Camille McPhee Fell Under the Bus

Read Camille McPhee Fell Under the Bus Online

Authors: Kristen Tracy

Tags: #Juvenile Fiction, #Readers, #Intermediate, #Social Themes, #Self-Esteem & Self-Reliance, #Humorous Stories, #Social Issues

For Carl Jean Tracy–MY DAD!

Acknowledgments

This was the first book I ever wrote, and I’ll try to thank all the people who helped me on my journey. First, thanks to Sara Crowe, who plucked Camille out of the slush pile and found her a great home. And lots of thanks to Wendy Loggia, who provided wonderful insight, advice, and smiley faces that helped make this book what it is today. I’ve come across a lot of good teachers in my life: Gail Wronsky, Leslie Norris, Brian Evenson, Kathryn Davis, Eric Zencey, Bonnie Ballif-Spanvill, David Rivard, and Stephen Dunn have been very encouraging folks. And I’d like to thank Al Young, who kindly pushed me in the direction of fiction, and Stuart Dybek, who read early adventures of Camille and thought I could do something more with them.

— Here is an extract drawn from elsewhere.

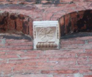 Peduccio a squadra con cuneo liscio caratterizzato da fiore stilizzato a sei petali inscritto in cerchio; cornice a tortiglione.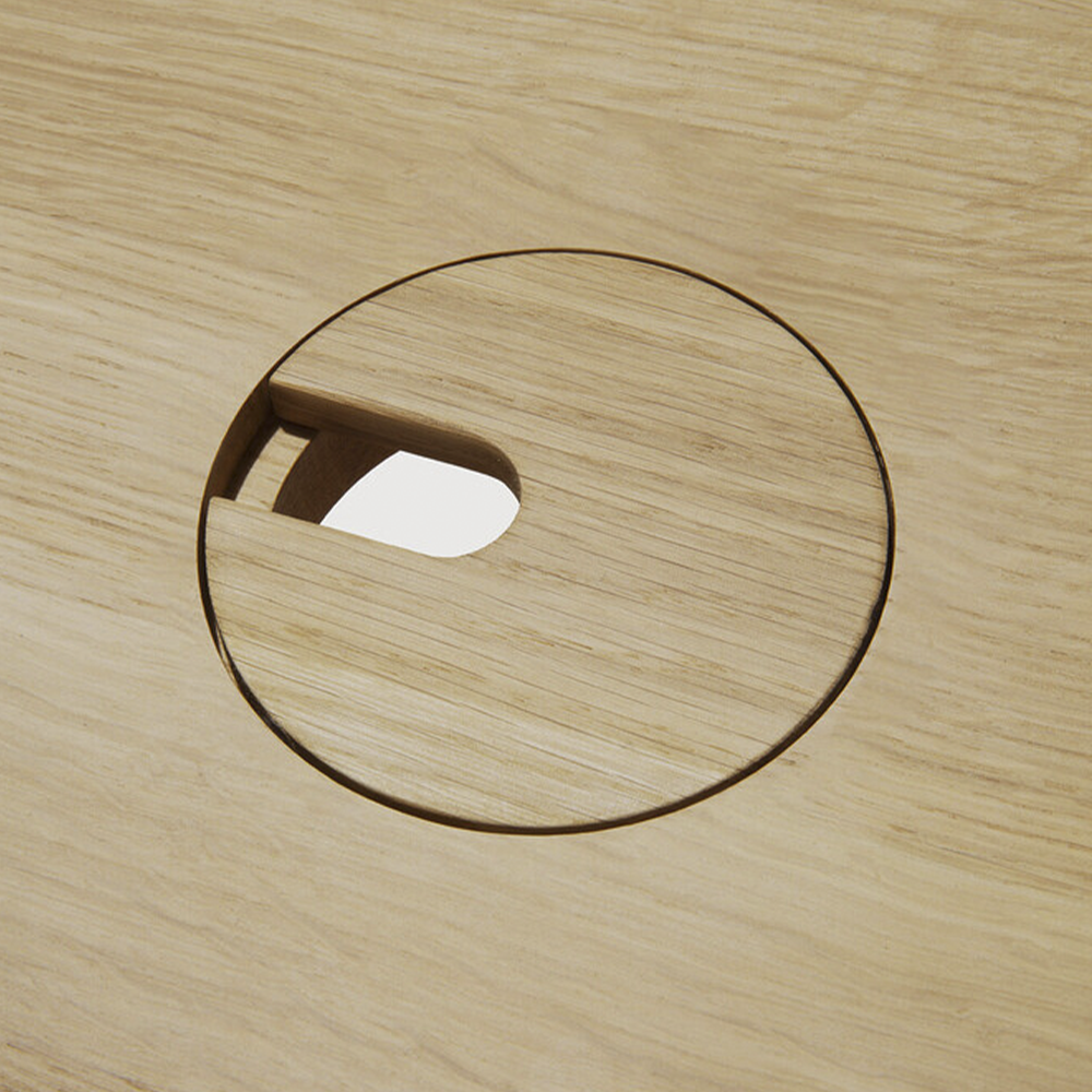 The Solid Oak Quiet Desk blends strength with refined simplicity, offering a clean design that encourages focus and personalization. Crafted from solid oak with a varnish finish, it features integrated cable management options within the desktop. Power Circles and metal cable trays are available separately.

My family has been a source of both inspiration and encouragement for this book. I’d like to thank my sister, Julie Tracy Belnap, and her family for providing, among other things, the idea for the arthropod assignment. (Thanks, Rachel!) And thanks, Mom and Dad, for giving me such a strange and rural upbringing.

Friends looked at and discussed various versions of this book with me and provided useful feedback and support. Big thanks to Ulla Frederiksen, Jackie Srodes (and family!), Michelle Willis, Linda Young, Ellen Lesser, Sarah Lesser, Rick Zand, my friends at Sarducci’s, Sarah Gessel Rich, Adam Schuitema, Joseph Legaspi, Stella Beratlis, and Scott Dykstra and the entire Dykstra clan.

And, of course, I must thank my elementary school bus driver, Linda Gilbert, for counting heads that fateful morning and realizing that a head was missing, because I’d fallen underneath her bus.

Fair:
just, equitable, what is right.
Free of clouds or storms.

Unfair:
the life of Camille McPhee.

Chapter 1
Getting Run Over

W
hen I woke up and kicked the covers off, I moved my legs back and forth in the air like superpowered scissors. I did this because I needed to get my blood moving. I needed to move my blood from my legs to my head so that when I stood up, I wouldn’t get lightheaded. My mom and dad thought that the reason I got light-headed was because I had low blood sugar. They said I was hypoglycemic.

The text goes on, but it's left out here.